La sabiduría popular asegura que los actores mienten y esto es absolutamente cierto. Sin
embargo no es cierto por el motivo que la mayoría cree. Lo es porque los actores
presienten submundos en los intersticios, se alienan con minucias los pobrecitos. Usan la
totalidad de sus vidas para detectar dónde se esconde la melancolía, qué hilo secreto les
habilitó la envidia, cuándo fue que decidieron –efectivamente- no matar, a pesar de todas
las proscripciones. Mucho más tarde harán con todo esto algo tan creíble, que se preferirá
creer que mienten. ¡Justo cuando son del todo sinceros!
La ficción no alude a la realidad escénica, sino a la realidad misma. He ahí su principio
tóxico.
El espacio escénico.
Algo que no existe en absoluto. Cuando cogemos no estamos exactamente en ese lugar,
con nuestro amante: muchos otros amantes nos habitan. Cuando discutimos, furiosos,
apenas podemos mirar el espacio que nos rodea: habitamos otro ominoso mundo.

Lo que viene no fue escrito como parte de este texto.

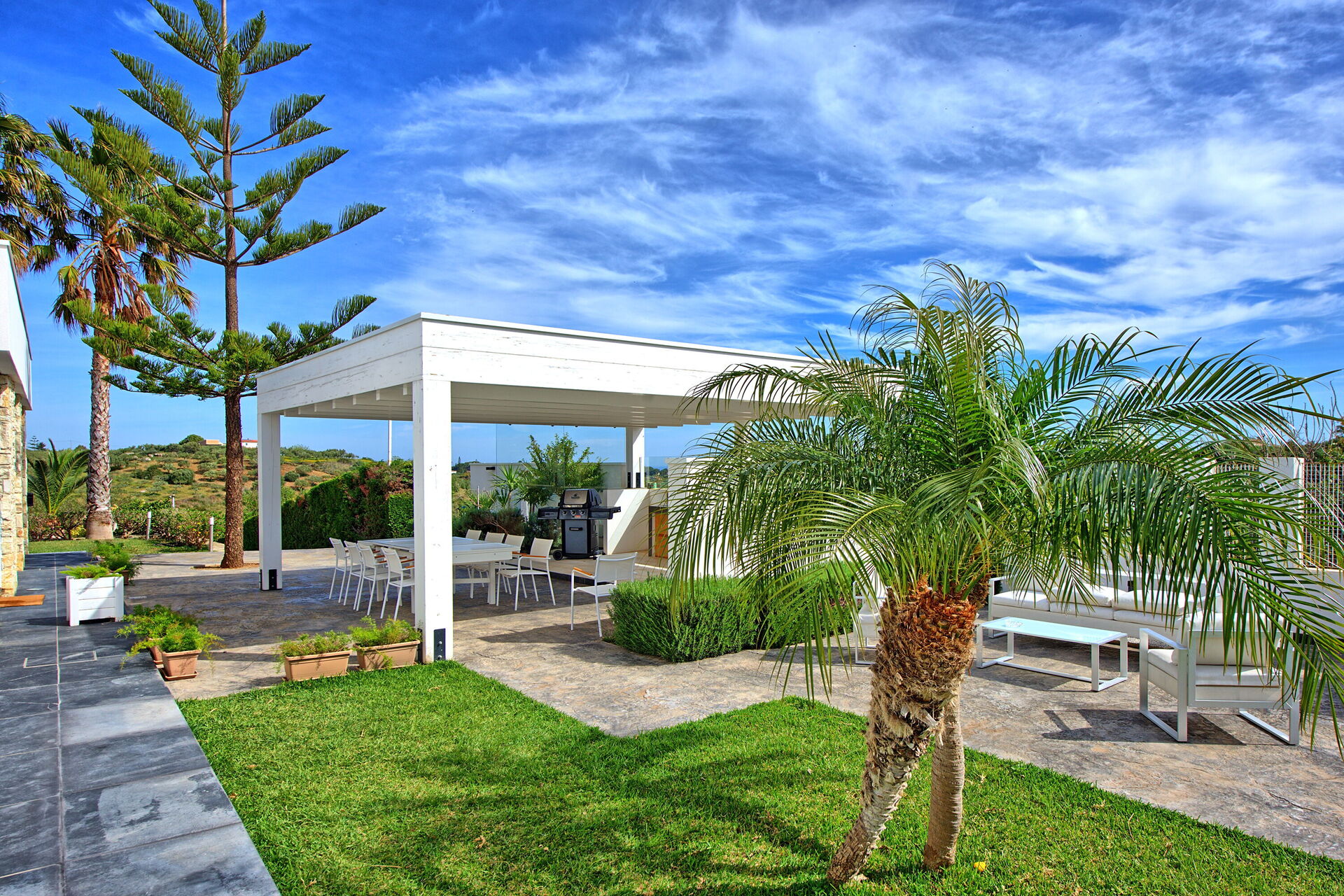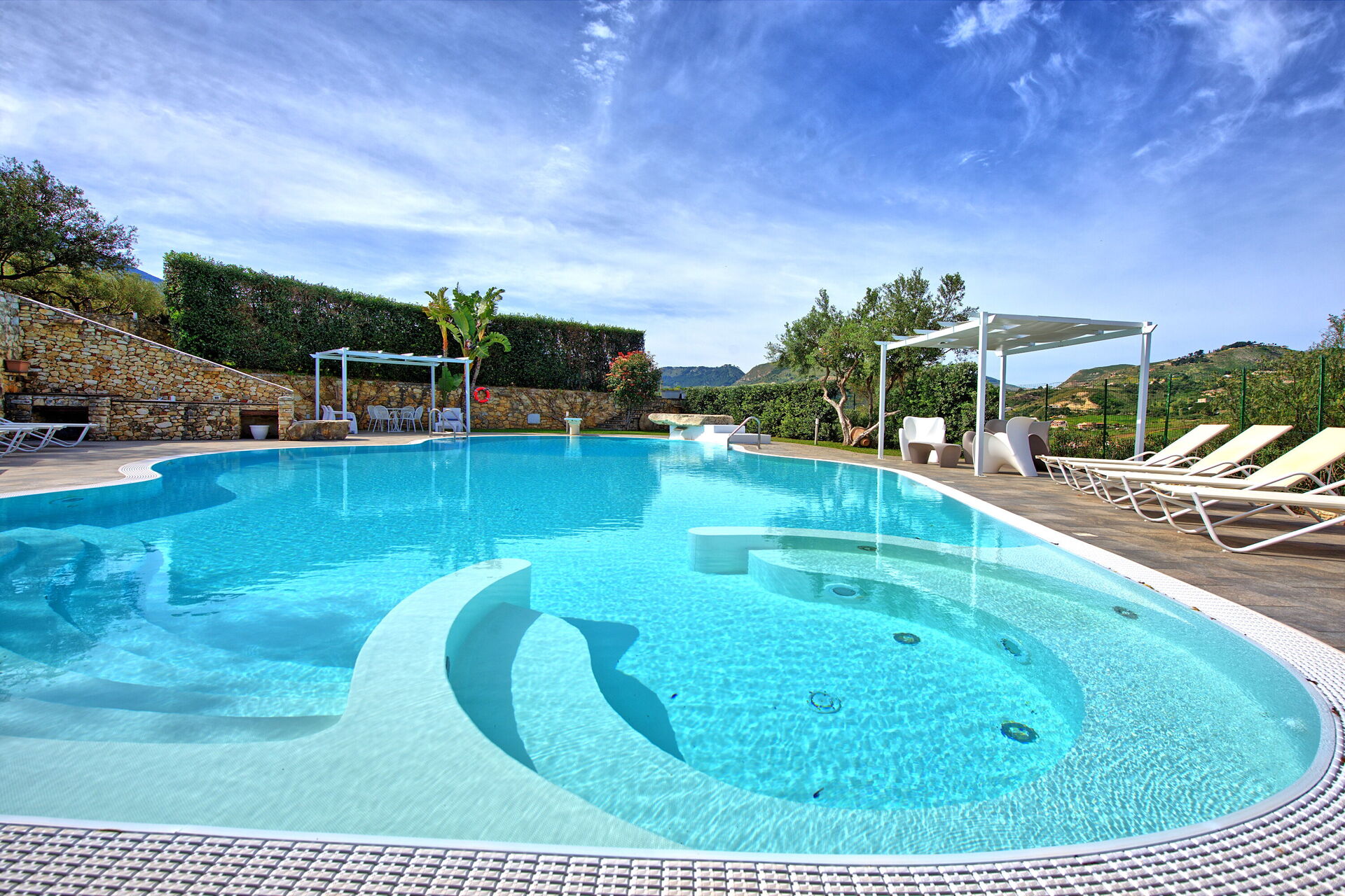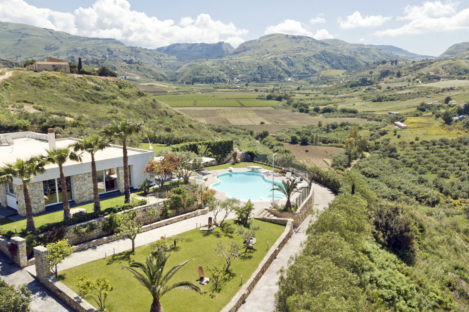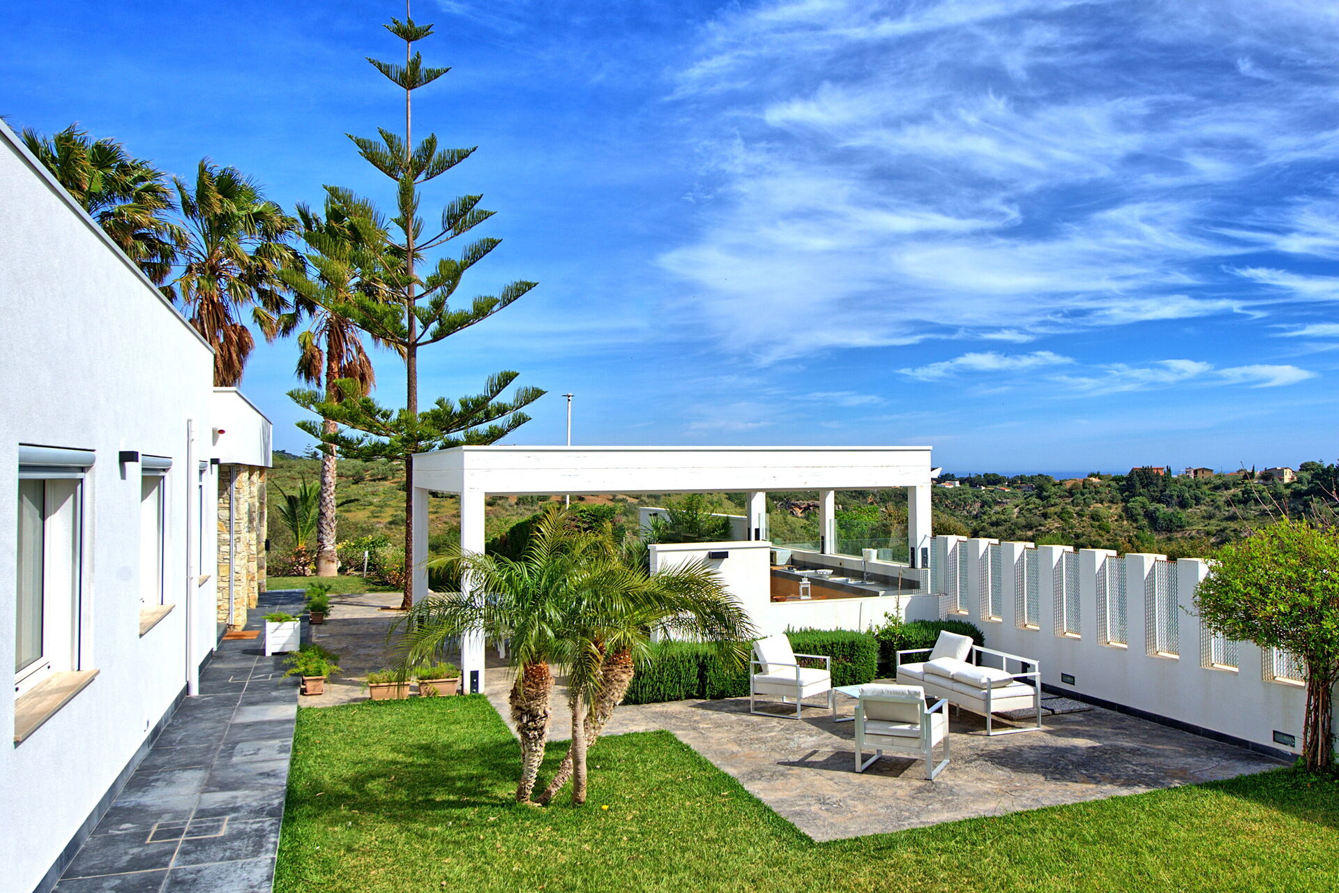 Cette villa à louer jouit d'un emplacement spectaculaire avec une vue panoramique sur la campagne sicilienne et la mer, que vous pourrez admirer aussi bien depuis la piscine que les grandes terrasses.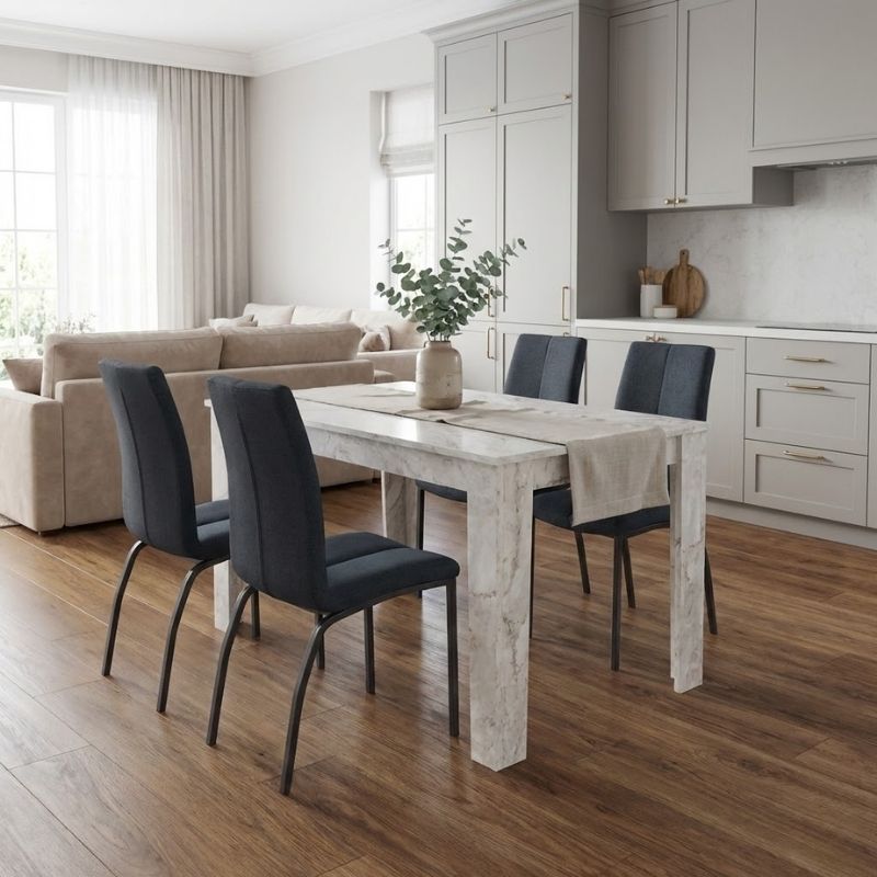 Η τραπεζαρία Darlen – Fina θα προσθέσει σύγχρονη κομψότητα και απόλυτη λειτουργικότητα στον χώρο σας. Ιδανική για την τραπεζαρία του σπιτιού, αλλά και για επαγγελματικούς χώρους όπως καφέ, εστιατόρια ή AirBnB, όπου η προσεγμένη αισθητική κάνει τη διαφορά.

Cuando viajamos cotidianamente hacia el mismo lugar, mil veces, no recorremos los
mismos caminos. El espacio escénico entonces, si logra cobrar entidad -sólo si logra
existir-, es una fantasmagoría que se evoca en la percepción de un espectador dado. Claro
que se articulará con la imagen del espacio físico donde todo está ocurriendo, pero este le
estará abriendo un portal hacia una dimensión del todo personal, donde aquello que pase
frente a él, de una forma u otra, le será muy conocido porque será indiscutiblemente
humano, por más tenebroso, críptico, enfermo o brutal que sea. En ese espacio escénico
propio, el de cada espectador, ocurre la ceremonia que todos, en el mismo lugar,
presencian. Ahí se produce el hecho teatral. En un lugar que no existe.
La llave.
Esta permanente situación de duda, desequilibrio, aspiración por nada en particular
conlleva, oculto, cierto principio de incipiente afirmación, que pugnará por hacerse
presente. La maravilla que contiene, por novedoso, es que su indescifrable esencia sólo
anhela reconocimiento y comprensión. Elude toda definición taxativa, más aún, aboga por
la prudencia y el tacto. Es que recién nace y no entiende. No entiende pero tiene que
entender. Su dueño lo sabe y le brindará un sistema de protección acabado y perfecto: el
silencio y la ironía. Este principio de protección, le otorgará una novedosa sabiduría que
jamás entenderá por completo, pero que le preservará por siempre. Este rudimento de
dejarse ser le deparará también el beneficio de su propia realización y, al mismo tiempo,
un defecto atroz -y permanente- para relacionarse y vivir en un mundo que, ahora sí,
anhelará conquistar. El actor hará, entonces, del mundo un lugar un poco mejor, pero
esto apenas se notará.
Los molinos de viento.
Siempre, todo el tiempo, su anhelo estará signado por los pormenores más ridículos y
mundanos. Toda pulsión puede morir grotescamente aplacada, no cabe duda. Cierto
grado de tesón infundado deberá, entonces, persistir para que su arte sea. La comunión,
en ritual, le será indispensable. Pero esa coincidencia con sus congéneres, en una cita
previa, en comunión, se le tornará en un terrible impedimento. Así, muchas veces, en el
entorno menos esperado, en presencia de casi nadie, cierta magia tendrá lugar. Y será esa
poca magia indispensable, la que ayude a sostener el pulso de este universo atroz que, al
parecer, siempre se expande.
A no ser que esté ocurriendo justo, todo lo contrario.